Second, as you train these models at scale, they become more and more robust and more and more data efficient. The amount of data you need to adapt these models to new situations or fine tune them is also rapidly decreasing, and so is the amount of work.
Viswesh only has two things to say: software’s eating the world and technology’s deflationary. These two theses take care of all of this.
Question 5: Specialties
Even within a specialization, there are hundreds of tasks. Previously, AI wasn’t generalizable. You had to build an AI for each individual task, and that can never scale. This is the key shift that’s happening— AI is becoming generalizable, and over time we’ll see how that affects us.
Vivek shares that for him and his team at Google, everything is an interdisciplinary endeavor. Whether it’s the metrics they want to optimize or how they train the models, everything is done by a combination of research, clinicians, and others with the proper knowledge. “It’s an interdisciplinary endeavor, and we need all of working together… There’s still going to be a lot of value for specialist knowledge.”
Question 6: How do you ground models with local sources?
The first step is to get hold of evaluation sets that reflect the use cases and the workflows that they have, and then see how well your model is performing. Even if it’s small enough, that still goes a long way in terms of benchmarking.
Vivek shares that as the LLM space evolves, we’re seeing retrieval augmented language models that can make more use of local context documents and use it as additional information. This will help LLMs become more and more real solutions to institutions.
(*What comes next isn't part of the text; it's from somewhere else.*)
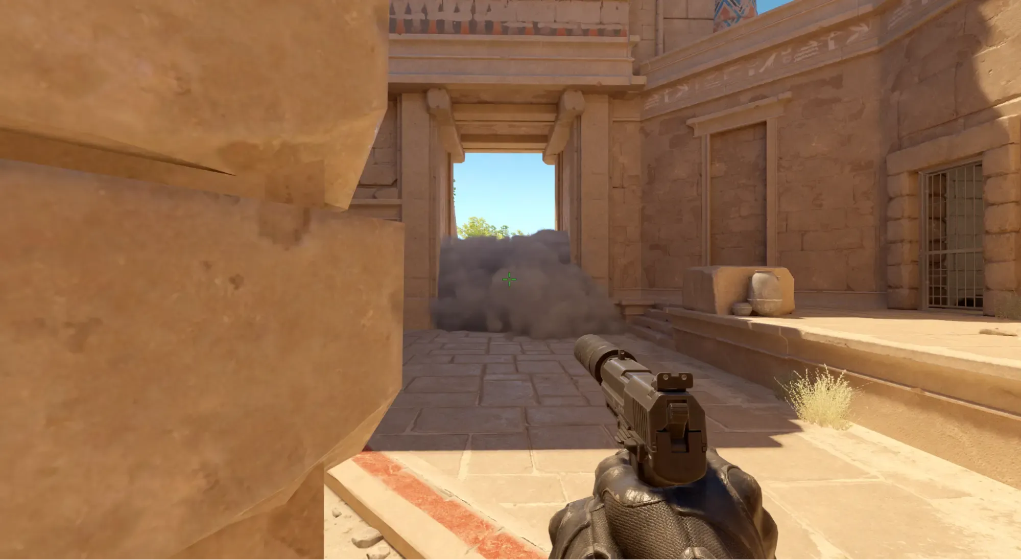 Смок перекрывает выход на плент B через руины, стороне атаки. Выполняется с угла на спавне спецназа с использованием jumpthrow. Для того, чтобы бросить смок правильно, нужно:

Vivek shares that we’re getting better and better at grounding the model responses in authoritative sources that people can trust; that’s going to help solve this domain generalization challenge.
Question 7: Future multi-modal applications
If you look at how doctors provide care today, they’re able to interpret data from many different modalities— lab records, medical images, EHRs.
“We’ve so far been talking about language models. We obviously need to become multimodal so that you can provide the full context to the model when it starts making these consequential decisions.”
Along with these new multimodal capabilities, we’ll have new systems that can interpret this data.
Advice for people entering today’s ecosystem of deep learning:
The checklist: 1. Choose what you want to build. 2: Try building it. 3: See if it has traction. If it has traction, then the rest will follow.